Question

For the circuit given below, if the current in the $1\,\Omega$ resistor is $\frac{x}{23}A$ , what is the value of $x$ ? Assume the batteries are ideal.

Answer 1

The circuit given in the problem can be redrawn as shown below.

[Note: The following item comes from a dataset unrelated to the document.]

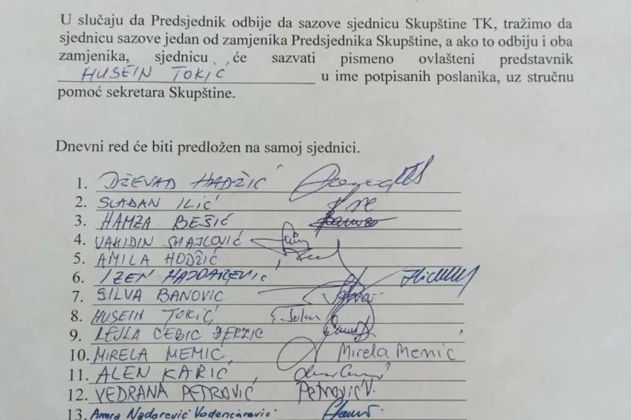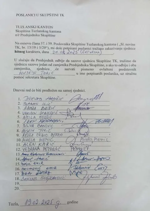 - Na osnovu člana 57. i 59. Poslovnika Skupštine Tuzlanskog kantona („Sl. novine TK, br. 13/19 i 5/20“), mi dolje potpisani poslanici tražimo zakazivanje sjednice hitnog karaktera, dana 20.2.2025. U slučaju da predsjednik odbije da sazove sjednicu Skupštine TK, tražimo da sjednicu sazove jedan od zamjenika predsjednika Skupštine, a ako to odbiju i oba zamjenika, sjednicu će sazvati pismeno ovlašteni predstavnik Husein Tokić u ime potpisanih zastupnika, uz stručnu pomoć sekretara Skupštine - navodi se u dokumentu u čiji uvid je imala Fena.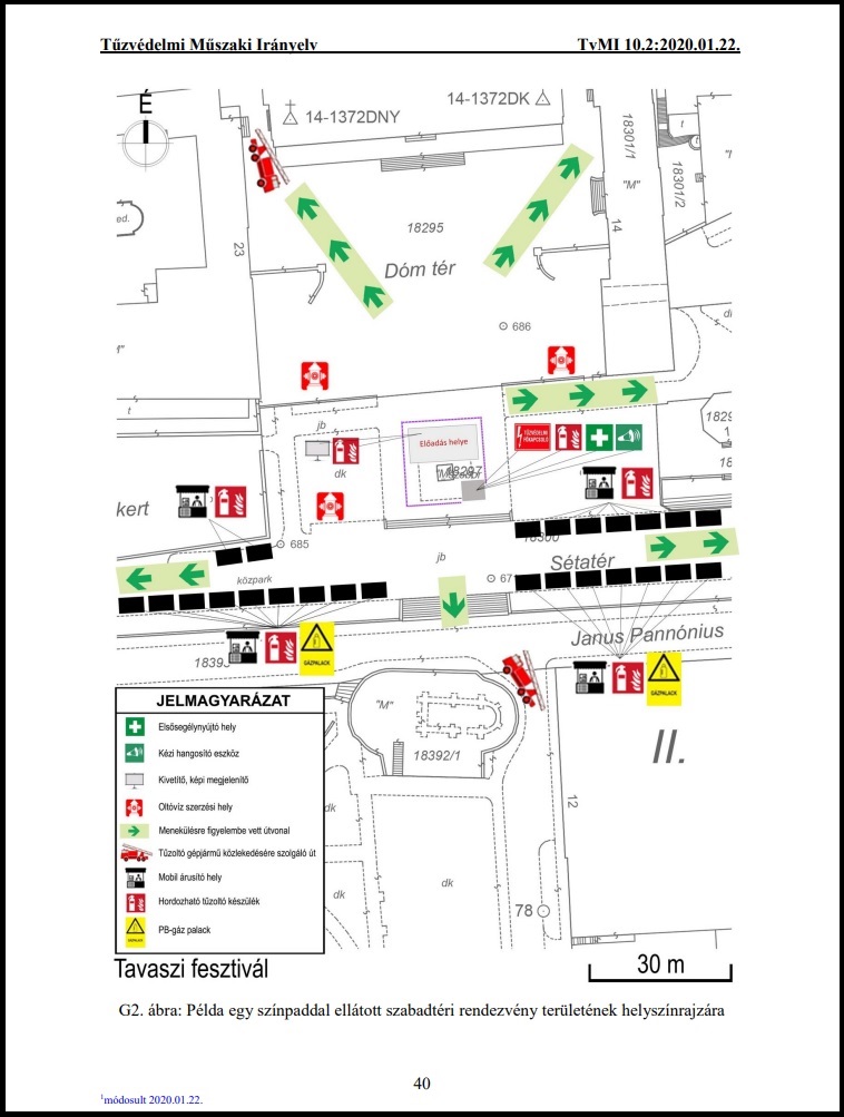 A tavasz megérkeztével és a világjárvány enyhülésével járó korlátozások lazítása, ismételten lehetővé teszi szabadtéri rendezvény megrendezését. Ezen rendezvényeken biztosítani kell a nem várt események bekövetkeztekor a veszélyeztetett terület elhagyását, a személyek biztonságos területre jutását. A Szabadtéri rendezvény és Kiürítés TvMI részletesen kitér a tűzvédelmi előírásokra. Valamennyi fent említett rendezvény területén javasolt léptékhelyes, színes nyomtatású, az időjárásnak ellenálló kivitelű alaprajzok kihelyezése. Kihelyezésénél tekintettel kell lenni a menekülésre figyelembe vett útvonalakra és azon helyekre, ahol a résztvevők koncentrálódása várható. A kihelyezett léptékhelyes alaprajzokon legalább a menekülést és eligazodást segítő rajzi elemeket, a menekülésre figyelembe vett útvonalakat javasolt feltüntetni. Javasolt, hogy a kiemelt zenés, táncos szabadtéri rendezvény OTSZ 216. § (5) bekezdése által meghatározott pontjain kihelyezett léptékhelyes alaprajz színes és az időjárásnak ellenálló kivitelű legyen. Mérete minimum 1200×600 mm.

The three branches are connected between the same points $P$ and $Q$ and hence they are in parallel. For such a circuit the potential difference between the points $P$ and $Q$ is
$V_{Q P}=\frac{\frac{E_{1}}{R_{1}}+\frac{E_{2}}{R_{2}}+\frac{E_{3}}{R_{3}}}{\frac{1}{R_{1}} + \frac{1}{R_{2}} + \frac{1}{R_{3}}}$
Where $E_{1},E_{2}\text{and}E_{3}$ are the emf of the batteries present in the first, second and the third branch.
Similarly, $R_{1},R_{2}\text{and}R_{3}$ are the values of resistance in each of the respective branches.
$V_{Q P}=\frac{\frac{6}{3}+\frac{0}{1}+\frac{9}{5}}{\frac{1}{3}+\frac{1}{1}+\frac{1}{5}}=\frac{57}{23}V$
The value of current through the $1\Omega$ resistance is
$i=\frac{V_{Q P}}{1}=\frac{57}{23}A=2.48A$